» Brief:
Leave out the pictures and restate exactly, and only, the lines from the one that contains "-Yedek olan adayın" through the final line of the material below.

» Given material:
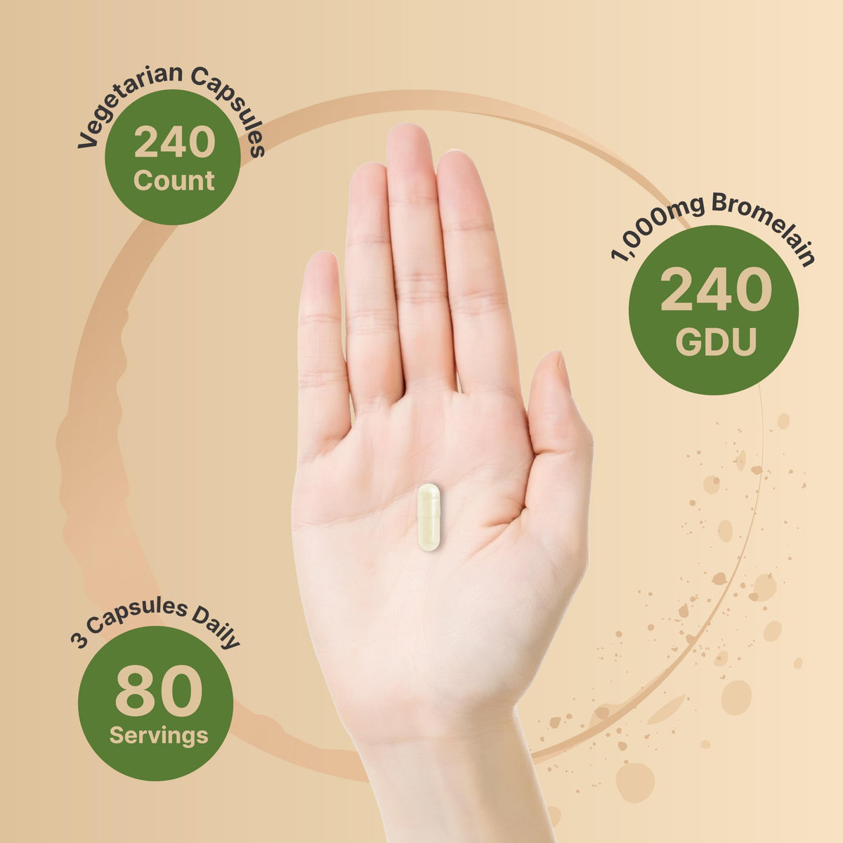NatureBell Bromelain, 1,000mg Per Serving, 240 Veggie Capsules | 2,400 GDU – Digestive Enzymes & Joint Support Supplement – Proteolytic Enzymes for Digestion, Fresh Pineapple Source – Non-GMO
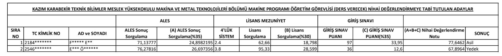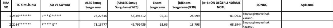 -Yedek olan adayın ALES ve lisans ortalaması kazanan adaydan yüksek olmasına
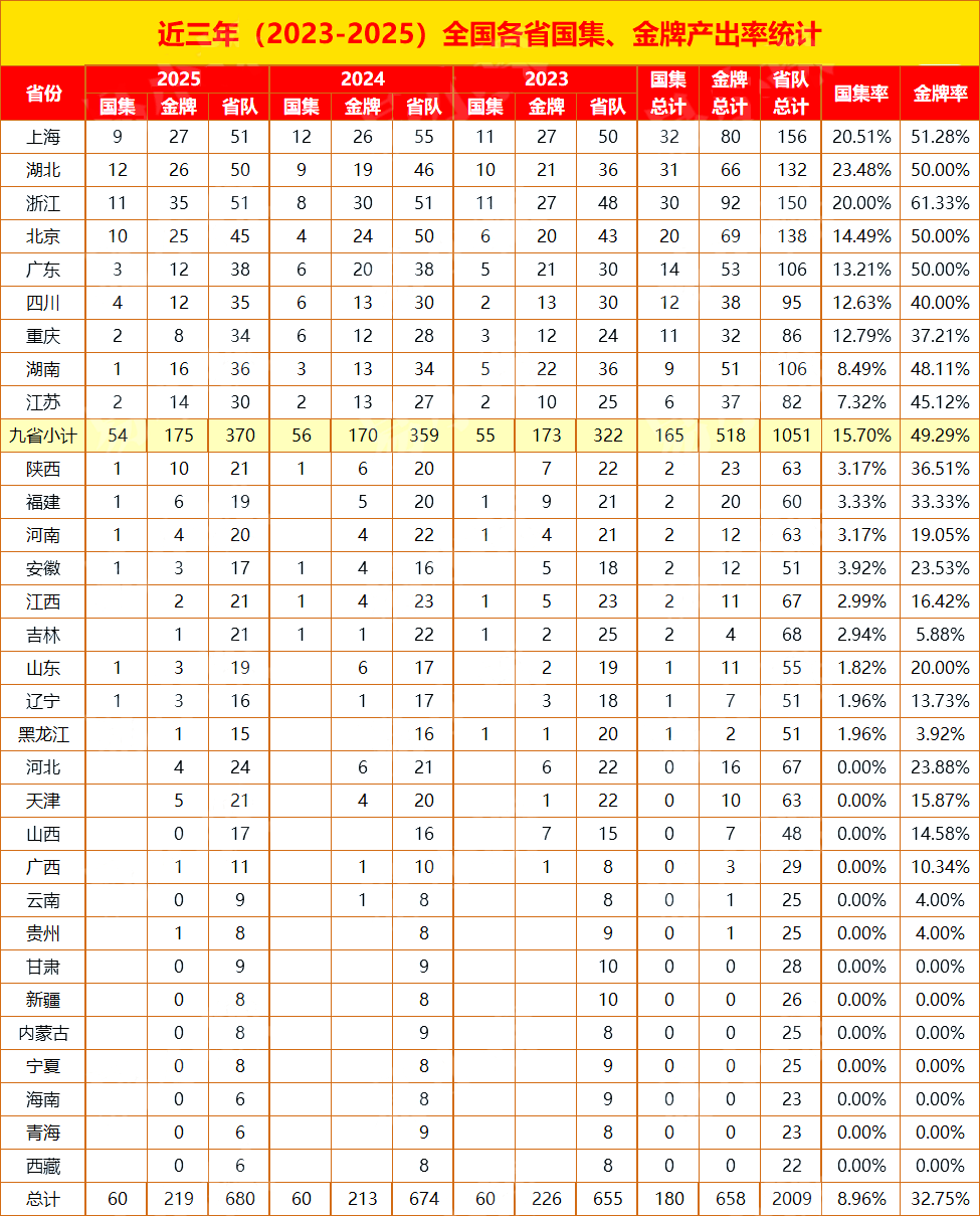 在国集产出率上,湖北以23.48%领先,上海(20.51%)与浙江(20.00%)亦表现突出,成为顶尖选手的稳定输出地。

» Final answer:
 -Yedek olan adayın ALES ve lisans ortalaması kazanan adaydan yüksek olmasına
 在国集产出率上,湖北以23.48%领先,上海(20.51%)与浙江(20.00%)亦表现突出,成为顶尖选手的稳定输出地。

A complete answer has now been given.